Fuddland
About two-and-a-half hours to make a statement about an incident that took less than five minutes is impressive. But that’s in no way an indictment of police work in general nor of the officer who came round yesterday evening. The process just takes a long time. We started out [after the tea had been made, of course] by talking quite casually about what happened, whilst she made notes. Then, referring to her notes, she began to write the statement properly, pausing every few sentences to get specifics or clarify exactly what occurred.

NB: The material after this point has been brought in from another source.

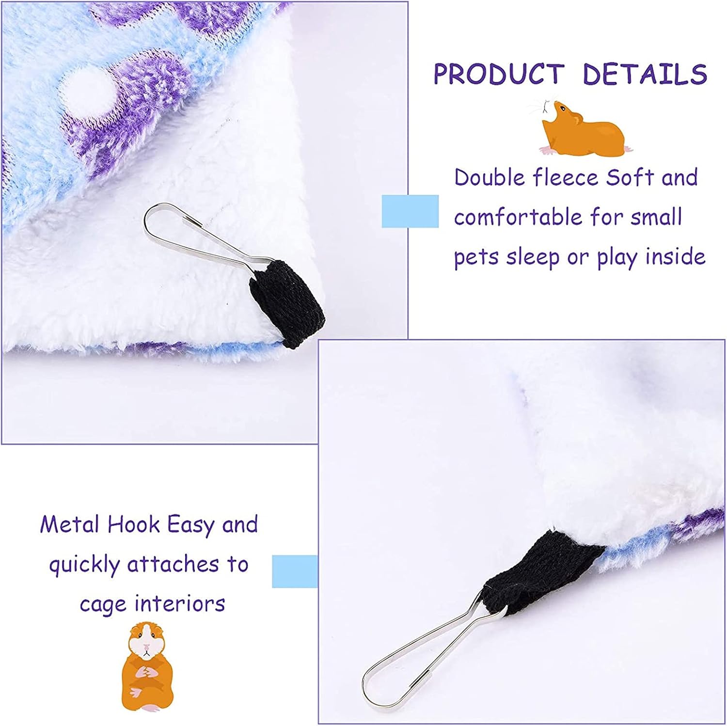 About this item Bunk bed design: the pet cage hanging hammock adopts 2-in-1 design for different options, your pets can either take a rest on the top layer or hide in the bottom layer; The design meets their instincts of running in the tunnel back and forth, mimicking their wild living environment, and providing them with a relaxed and comfy space Convenient to operate: the 4 corners of the hammocks are equipped with metal hooks linked with straps, which is designed to attach to the small pet cage, you can attach the hooks to the cage interiors with hooks easily and quickly Cute pets cage accessory: the hammock design can make full use of the large space of the pet cage; You can attach the pet hammock to the cage for saving space, while it can take the cage or your home out of the monotony, nice gifts for your beloved small animals, making them enjoyable Suitable for most small pets: the size of the soft hamster hammock is approx. 20 x 20 cm/ 7.87 x 7.87 inch, suitable size fits for most small animals, such as parrot, hamster, ferret, sugar glider, rats, guinea pig, squirrel and so on, giving them a safe resting spot Soft and cozy: made of coral fleece and arctic fleece, the pet hammock is soft, giving your pet a sense of warm and cozy feeling when sleeping or playing inside; It is washable and reusable, you can wash it by hand or washing machine; Please remove 4 hooks before laundering › See more product details

What took so long was that everything was done by hand: all with pen & paper. An interesting aside that we talked about for a few minutes—especially interesting bearing in mind there’s some kind of election coming up soon—was the argument that we don’t really need to recruit more police officers; it’d be more effective, not to mention cheaper, to cut down on the amount of paperwork they have to do. If my PC had had a basic laptop on which to make notes, which could then be expanded into the statement, instead of being re-written on fresh pages, and instantly copied to every other department or person who needed to see them, we would have been done a great deal sooner.
Of course, us being done a great deal sooner would also have been a bit of a downside: she really was very nice, not to mention rather pretty, and some might say I kept distracting her with small-talk and cups of tea because I was enjoying her company.
In a couple of days I’ll be looking at hundreds of photos of offenders to see if I recognise any of them. Not sure how I feel about that; it’ll be disappointing to not find my muggers amongst the faces, but at the same time, I’ll be nervous about being sure enough to point the finger at anyone in particular. In the meantime, I’ve been worrying about silly things to do with the statement, such as realising I actually had three bottles of Corona at the club, not two, as I’ve put in my statement, and wanting to go back [again] to where the incident took place with a measuring wheel to verify that we were indeed about fifteen metres from the edge of the bridge. Actually, asking for those things to be changed could be a good way of getting my lovely PC to come round again…
Comments
clair | 2005 / 04 / 21 – 08:52
Hehehe…trust you to find something good out of something bad :)
Kav | 2005 / 04 / 22 – 09:42
oooh, did she have handcuffs? Was she in uniform? Oooh!
David | 2005 / 04 / 22 – 11:26
Re #2: Sheesh, took you lot long enough, I’ve been waiting for someone to make the uniform/handcuffs joke. :P
No, she was CID so in plain-clothes, and she arrived in a normal car, thus depriving the local curtain-twitchers with some juicy gossip had she arrived in a squad car.
Interestingly enough, a google for cid uk police threw up my local constabulary in the first few hits, which is currently displaying this message:
Due to an unprecedented response to our recent recruiting campaigns, we are currently not sending out application forms or accepting new applications for police officer vacancies.
See? They don’t even need any more applicants! Buy them a laptop each!